Question

A video game developer is developing a game in which the character makes their way through several segments of a level. in each segment, if the character collects a coin, the player scores a point. however, if a segment does not contain a coin, the player loses a point. player 1 always begins the level, and, at some point, game play is turned over to player 2 to complete the level. player 1's goal is to achieve a higher score than player 2 once the level is completed. given the status of game segments (whether they contain a coin or not), determine the minimum number of segments player 1 should play so that, in the end, their score is greater than player 2's score.

Example
segments =[1,1,0,1]
Player 1 has the following options:
Play 0segments. This would give them a score of 0 Player 2 would have a score of 3-1=2(because they gain a point for each of the 3segments with a coin, and lose 1point for the segment without a coin)
.Play 1segment. This would give them a score of 1Player 2would have a score of 2*1=1
Play 2segments. This would give them a score of 2Player 2would have a score of l *l=0

Answer 1

To achieve a higher score than player 2, player 1 should play at least 1 segment with a coin.

Step-by-step explanation:

To determine the minimum number of segments player 1 should play in order to achieve a higher score than player 2, we need to analyze the game scenario. Player 1's goal is to have a higher score than player 2, so it's important for player 1 to maximize their own score while minimizing player 2's score. Let's consider the possible scenarios:

1. If player 1 plays 0 segments, their score will be 0 and player 2's score will be the number of segments with a coin minus the number of segments without a coin. So, player 2's score will be higher than player 1's score.
2. If player 1 plays 1 segment, their score will be 1 and player 2's score will be the number of segments with a coin multiplied by 1. In this case, player 1's score can be greater than player 2's score if the number of segments with a coin is greater than 1.
3. If player 1 plays 2 segments, their score will be 2 and player 2's score will be the number of segments with a coin multiplied by 0. In this case, player 1's score can be greater than player 2's score if the number of segments with a coin is greater than or equal to 1.

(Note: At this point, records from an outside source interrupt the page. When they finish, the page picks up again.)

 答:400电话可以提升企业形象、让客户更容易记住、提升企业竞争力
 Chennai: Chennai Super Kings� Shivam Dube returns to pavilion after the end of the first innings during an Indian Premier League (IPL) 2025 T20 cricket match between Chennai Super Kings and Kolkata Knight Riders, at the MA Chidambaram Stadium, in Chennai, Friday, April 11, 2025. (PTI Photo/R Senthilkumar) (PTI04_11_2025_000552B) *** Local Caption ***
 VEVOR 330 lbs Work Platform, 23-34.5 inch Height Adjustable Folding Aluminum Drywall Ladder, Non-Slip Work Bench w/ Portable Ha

Based on these scenarios, we can determine that the minimum number of segments player 1 should play is 1, if there is at least 1 segment with a coin. This ensures that player 1 will have a higher score than player 2 in the end.

Answer 2

To determine the minimum number of segments player 1 should play so that their score is greater than player 2's score, we need to consider the different scenarios and their outcomes.

Step-by-step explanation:

To determine the minimum number of segments player 1 should play so that their score is greater than player 2's score, we need to consider the different scenarios and their outcomes. Let's look at an example with segments [1, 1, 0, 1].

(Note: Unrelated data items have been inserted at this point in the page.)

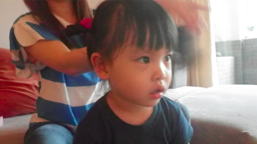 行く前にママに髪の毛をセットしてもらいます。
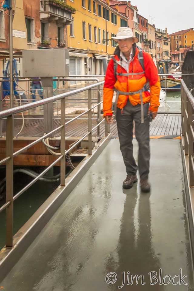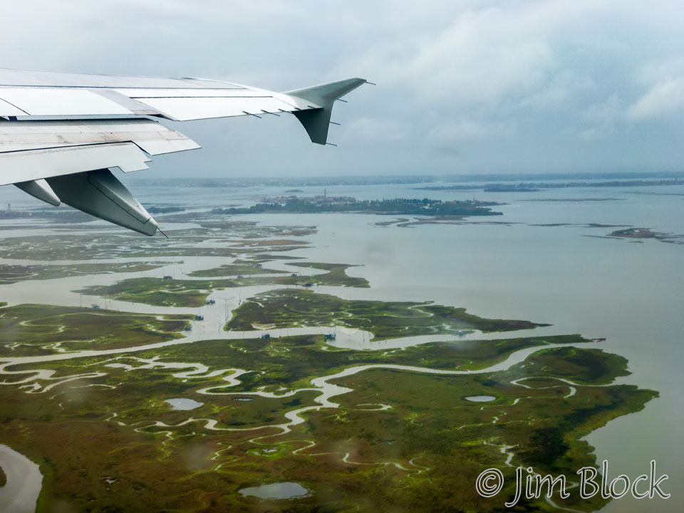 Finally the water bus arrived and we were off down the canal then across open water. We entered a channel that I had photographed from the air during our flight to Venice two weeks earlier. It was amazing how fast the water buses and taxis traveled and how close they passed to one another. In my tiny notebook I wrote, “we could have easily skied behind the water bus.” This channel, and in fact most of the canals in Venice, was definitely not a “No Wake” zone.
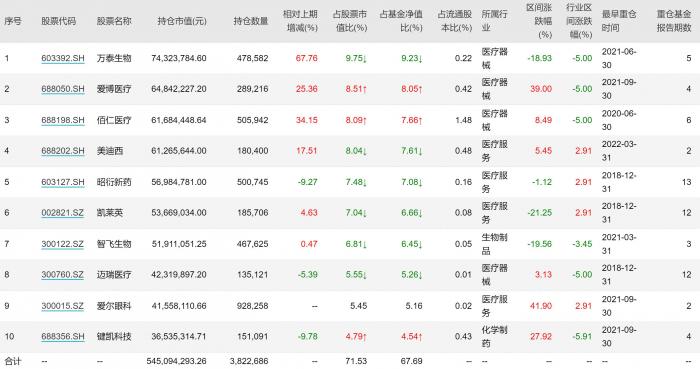 从基金二季报持仓来看,其十大重仓股集中度为67.69%,主要布局了万泰生物、爱博医疗、佰仁医疗等医疗器械个股,以及美迪西、昭衍新药、凯美英等医疗服务个股。
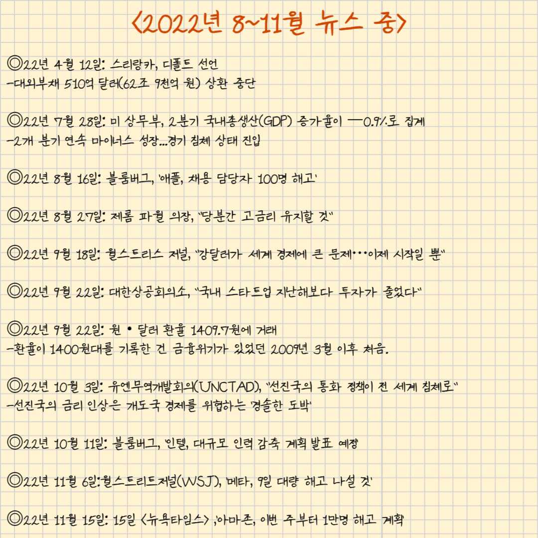 나는 운이 좋았다. 22년 1월에 모든 걸 정리하고 현금화했다. 물론 이렇게까지 박살날 줄은 몰랐다. 기회가 오고 있다고 느꼈다. 부자는 자산 가격이 상승할 때가 아니라 자산이 폭락할 때 탄생한다. 싸게 사느냐 못 사느냐가 부의 차이를 만든다. 1950년 이후 미국은 11번의 침체를 겪었다. 침체 시기에 미국 증시는 평균적으로 32% 떨어졌다. 32%는 평균이다. 어떤 건 ‘반’ 토막이 나고 어떤 건 ‘세’ 토막이 났다. 그래서 어차피 이렇게 된 거 모든 게 폭삭 망하고 연준이 금리를 내리길 내심 바랐다.
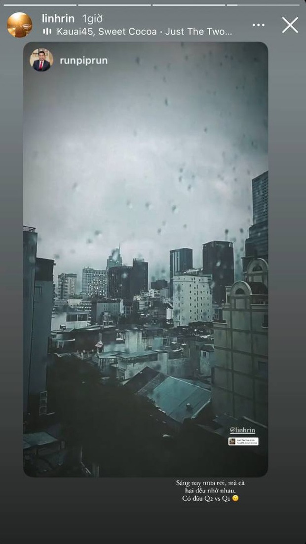 Đến khi người yêu đã về nước, "nhìn mưa nhớ mình", Linh Rin lại lên sóng ngay story mới, thể hiện nỗi nhớ nhung của những người đang yêu nhau, ở gần bên mà vẫn gặp được.
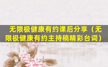 无限极健康有约主持稿精彩台词可能包括以下几个部分:

If player 1 plays 0 segments, their score would be 0. Player 2 would have a score of 3-1=2, as they gain a point for each segment with a coin and lose a point for the segment without a coin.

If player 1 plays 1 segment, their score would be 1. Player 2 would have a score of 2*1=2.

If player 1 plays 2 segments, their score would be 2. Player 2 would have a score of 1*1=1.

Based on these scenarios, player 1 needs to play 2 segments to have a higher score than player 2. This ensures that their score is greater than player 2's score once the level is completed.